Выбрать главу

У Арто чума витийствует о празднике, вакхическом пире с красивым дыханием, больше мятным, чем винным. Майский ливень, процеженный свет, бубонный восторг, это искусство, которое, возвратившись к магическим операциям своего перводействия, заставило говорить музейные маски, разбередило кровь, застывшую на ликах жертвенных изваяний. Камю, разграничив в «Бунтующем человеке» бунт и революцию, признал в первом экзистенциальную потребность, а вторую отверг как регламентированное насилие, наводящее мерзкий порядок в казарме. Дело, однако, в том, что они связаны стадиально: бунт порождает революцию и претерпевает от нее муки и гибель, потому что революция убивает не детей, а отцов. В истоках оранской эпидемии — попытка одоленья тоски, то есть бессознательная вариация бунта, но чума таким восстанием не является. Чума не бунтарское возмущение, но его законное следствие, итог; это не иносказательное, это субстанциальное развитие революции, свирепости ее больничного режима, закабаления. В ней нет и намека на фиесту Арто, нет праздника, театра, гордостояния на юру — возвратный, точно приступ после ремиссии, натиск будней, изгаженных карантином, людскими и крысиными трупами. Зной, вонь, абстрактная прогрессия смерти и Сизифово сопротивление одиночек. В другое искусство он уже не верил, в иное восстание — тоже. Его повзрослевшая философия, его неаллегорический ответ на манифесты Арто. Не знаю, кто из них прав.

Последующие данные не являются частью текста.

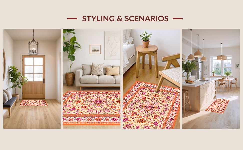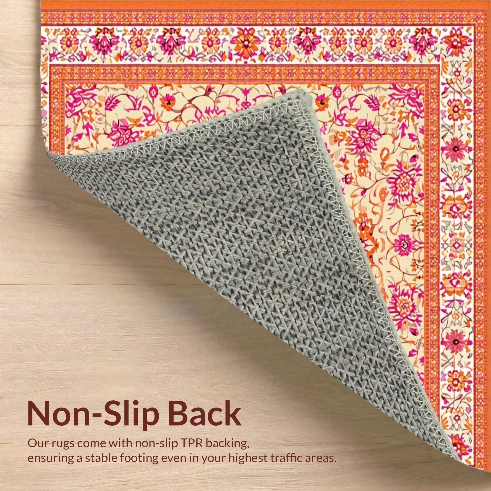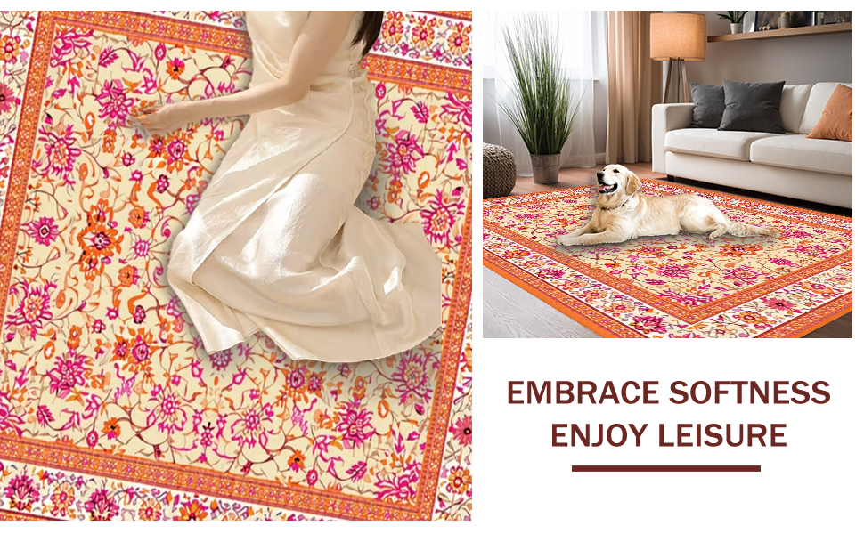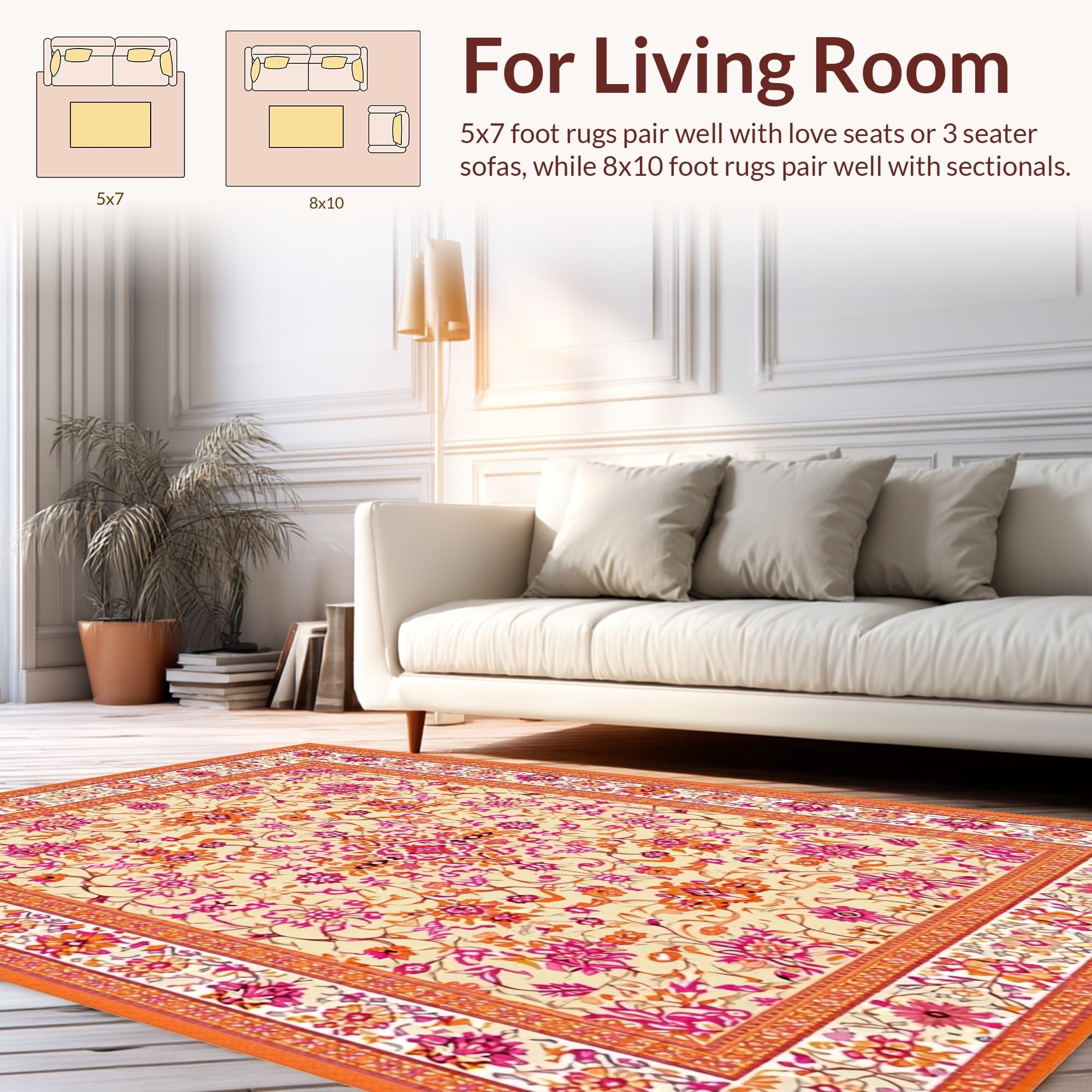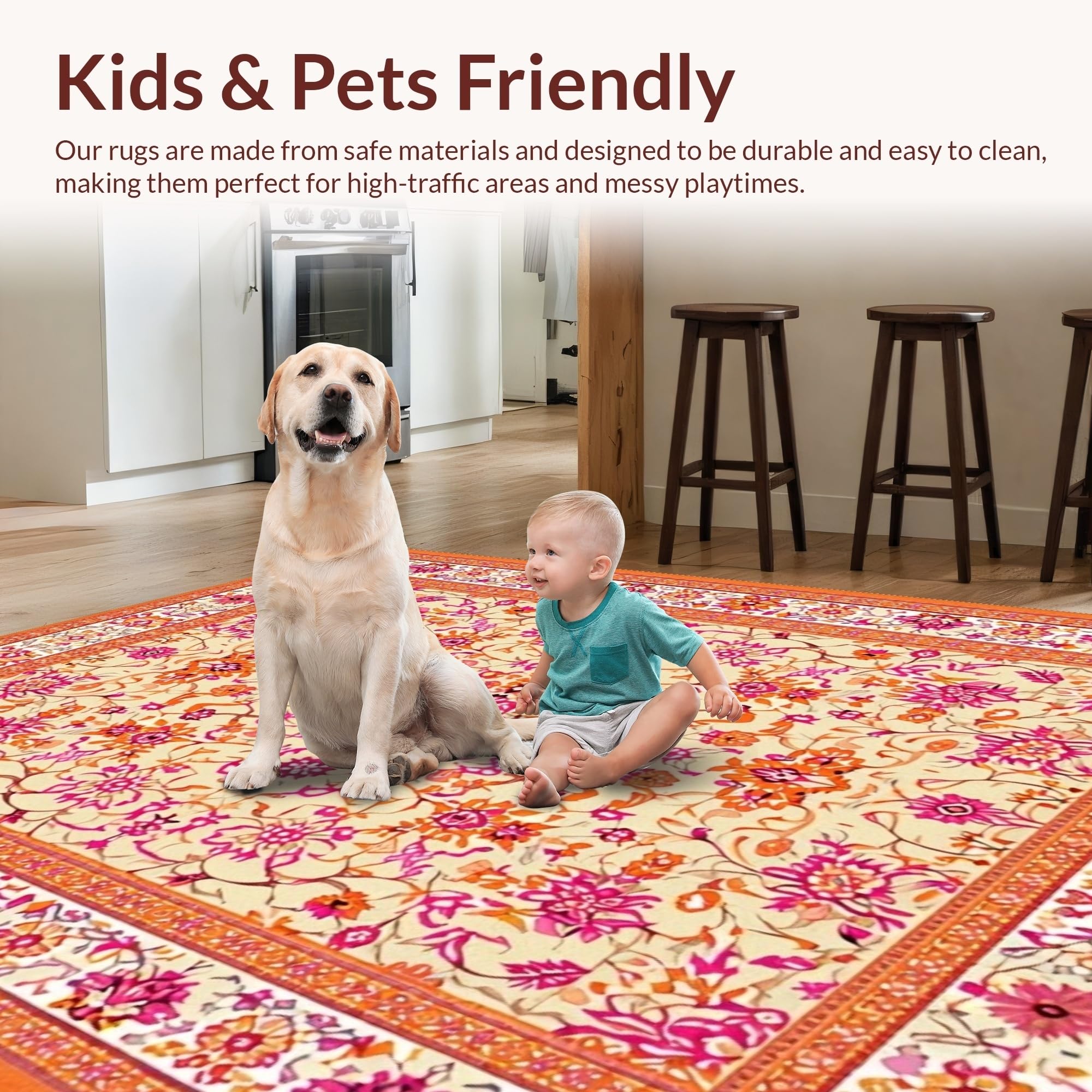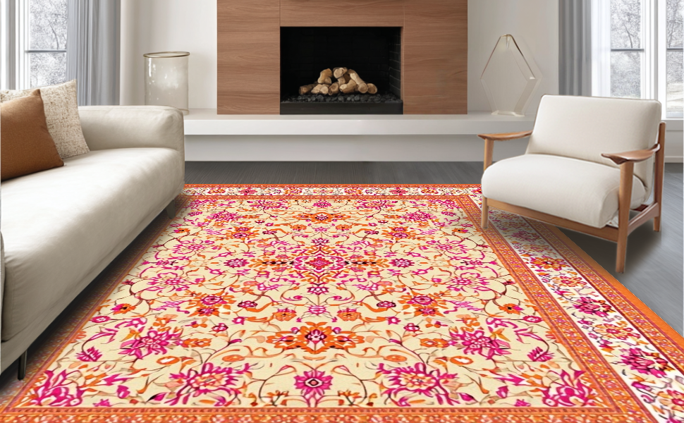 Ultra Soft Area Rug, Non Slip, Stain Resistant, Washable Area Rugs for Living Room, Bedroom, Chic Pastel Botanical Design(Beige) Overview: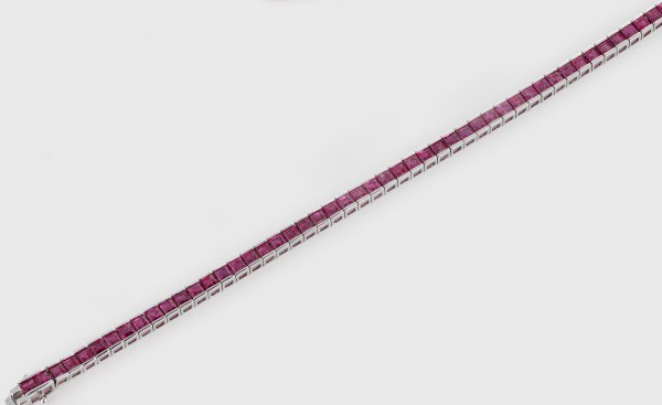 Weißgold, gest. 750. Linear besetzt mit taubenblutroten Rubinen von zus. ca. 11,78 ct. im Carréeschliff. L. 18 cm. Gew. ca. 13,09 g.

Я пишу эти строки по мере их написания, жарко, пробило три, значит, близится полночь. Средиземное море не пахнет йодом, рана уже затянулась. Не решил, что выбрать из длинного списка — чуму (непонятно, какую из двух), революцию, бунт, летний зной, осеннюю грязь, скрипучие лондонские телеги, китайские города, забитые безгласными умирающими, старика-астматика из подвала, еще одного старика, что в клочки рвал бумагу, стряхивал вниз и, когда набегали кошки, метко плевал на них, кровь или гной, пах, подмышки или бубоны, Антонена Арто или Альбера Камю. Каждый из этих предметов достоин любви, в каждом есть своя смерть, но завершение требует выбора, эпидемия бывает одна. Вот уже пробило восемь, значит, и полночь прошла. Сам я с этим не справлюсь. Хорошо бы, пришли ученые, принесли с собой метод. И они выходят из филантропического отделения тель-авивской философии для увечных, из водопроводного семинара иерусалимских филологов. Вижу их одухотворенные лица, полезные руки и ноги, общий благоприятный состав организма. Идут, несут метод. Надеюсь, они не дойдут, надеюсь, чума уничтожит их по дороге. Как уничтожит она грязь и жару, марсельскую шушеру, яффских нищих, двух стариков, кошек и крыс, Камю и Арто, меня — за то, что написал эти вялые строки и не смог им придать необходимой энергии. А когда все мы сгинем, обе чумы, истребив друг друга, возможно, освободят место для эпидемии творчества, наполненного исцеляющим или — что будет верней — испепеляющим светом.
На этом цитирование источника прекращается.